S’agissant de la grue tombée en panne le 12 août 2020 qui n’a pu être dépannée que le 10 septembre 2020, c’est un incident qui devait être prévu sur un chantier de construction immobilière ne pouvant avancer qu’avec un tel engin.
S’agissant de la problématique de la gestion du personnel, l’appelante développe une argumentation très générale sur les conséquences de la crise Covid en Polynésie française sans établir in concreto l’impact sur son activité.
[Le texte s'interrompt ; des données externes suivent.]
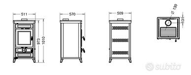 Stufa a legna Ilaria (o Sofia Evo Easy) costruita in acciaio e ghisa con grande superficie di scambio. Area riscaldabile 100 metri quadrati (82 mq ), potenza nominale 11,1 Kw (7,4)con finitura in maiolica rossa.(o ghisa grigia)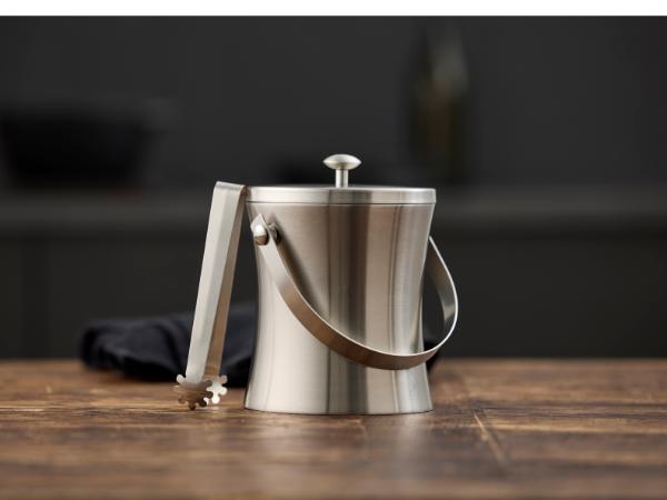 Funktionel isspand i blankpoleret rustfrit stål, med hank og integreret tang. Isspandens dobbeltvæg holder isterninger kolde, mens den aftagelige rist adskiller isterningerne fra det smeltede vand.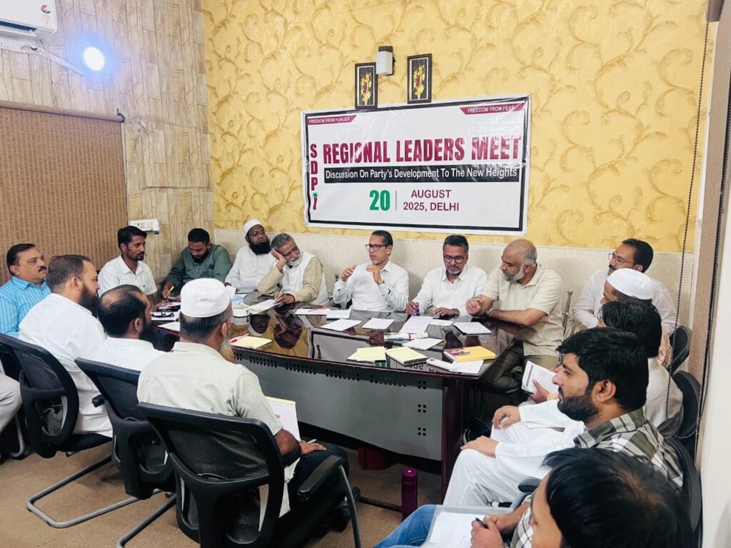 A regional meeting on the theme “Discussion on Party’s Development to New Heights” was held at the SDPI headquarters in Hazrat Nizamuddin, New Delhi. The meeting was attended by National General Secretaries Elyas Muhammad Thumbe and Abdul Majeed Faizy, Secretary Riyaz Farangipet, along with state leaders from Delhi, Uttar Pradesh, Rajasthan, and Gujarat.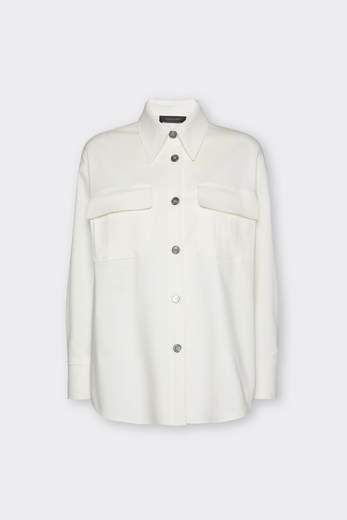 CAMICIACamicia over in gabardina stretch, con tasche a soffietto e pattine. Perfetta per un layered outfit casual e disinvolto, abbinata al suo pantalone oppure come giacca sopra un abito. Polsi chiusi con doppio bottone, bottoni madreperla e collo maschile.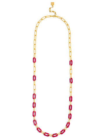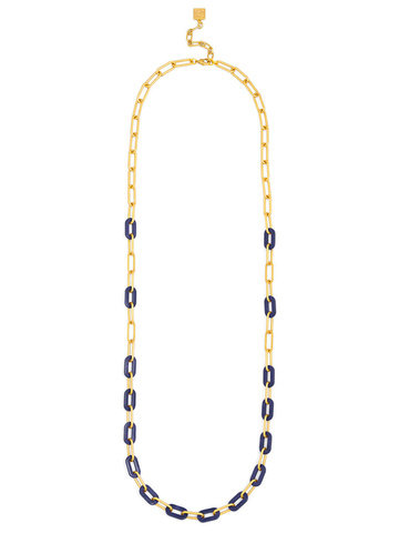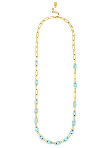 Long necklace featuring alternating paperclip and marbled resin links.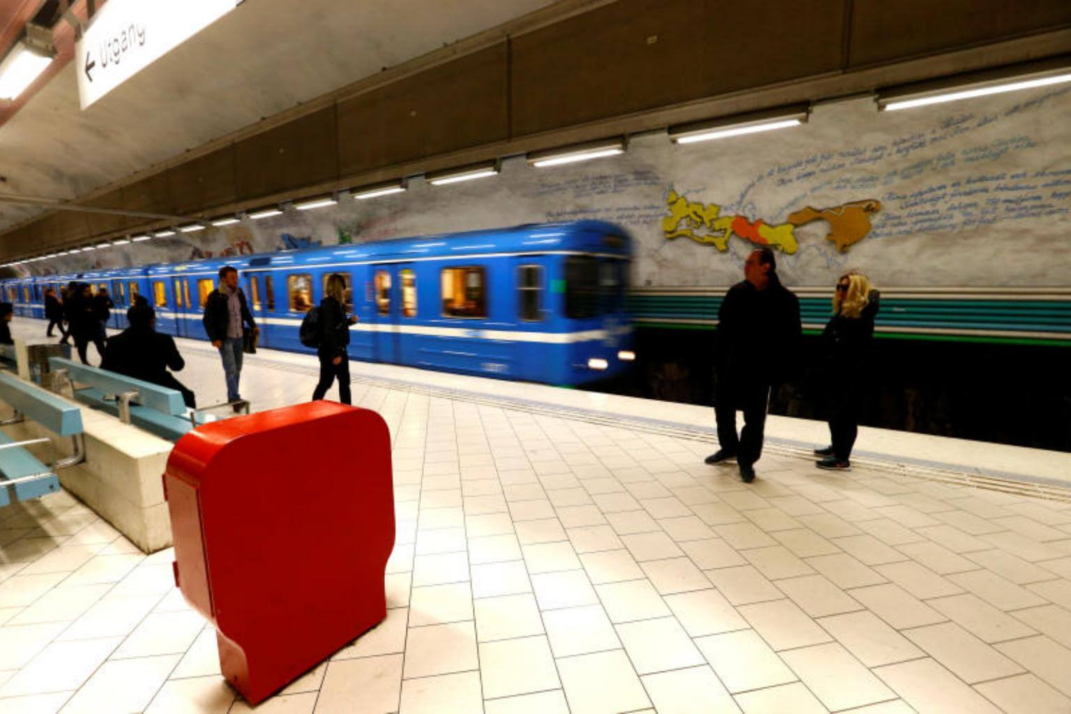 Commuters wait for a train at Stadshagen subway station in Stockholm, Sweden, May 9, 2017.

Dès lors, c’est de manière pertinente que le tribunal a retenu que 192 jours de retard de livraison étaient injustifiés et devaient faire l’objet d’une indemnisation.
Sur l’indemnisation
L’appelante ne développe aucun moyen déterminé pour contester le principe et le quantum des dommages intérêts alloués en première instance aux intimés . Dès lors, statuant par adoption des motifs pertinents et sérieux du jugement, la cour confirmera également les dispositions par lesquelles le tribunal a fixé à la somme de 1 300 000 Fcfp l’indemnisation du préjudice résultant de la perte de chance de louer l’immeuble dès sa livraison.
Par conséquent, le jugement sera confirmé en toutes ses dispositions.
Sur les frais du procès
L’appel est dépourvu de fondement de sorte que les entiers dépens doivent être supportés par la société appelante qui sera également condamnée au paiement des frais irrépétibles d’appel sollicités par les intimés.
PAR CES MOTIFS,
La cour, statuant publiquement, contradictoirement, en matière civile et en dernier ressort ;
Déclare recevable l’appel de la société Puna Ora,
Au fond,
Déboute l’appelante de l’ensemble de ses fins et prétentions,
Confirme en conséquence le jugement entrepris en toutes ses dispositions,
Condamne en outre, l’appelante à supporter les entiers dépens d’appel et à payer à M.[M] et la Sci Inalai, une somme de 203 000 Fcfp en vertu de l’article 407 du code de procédure civile.
Prononcé à [Localité 4], le 12 juin 2025.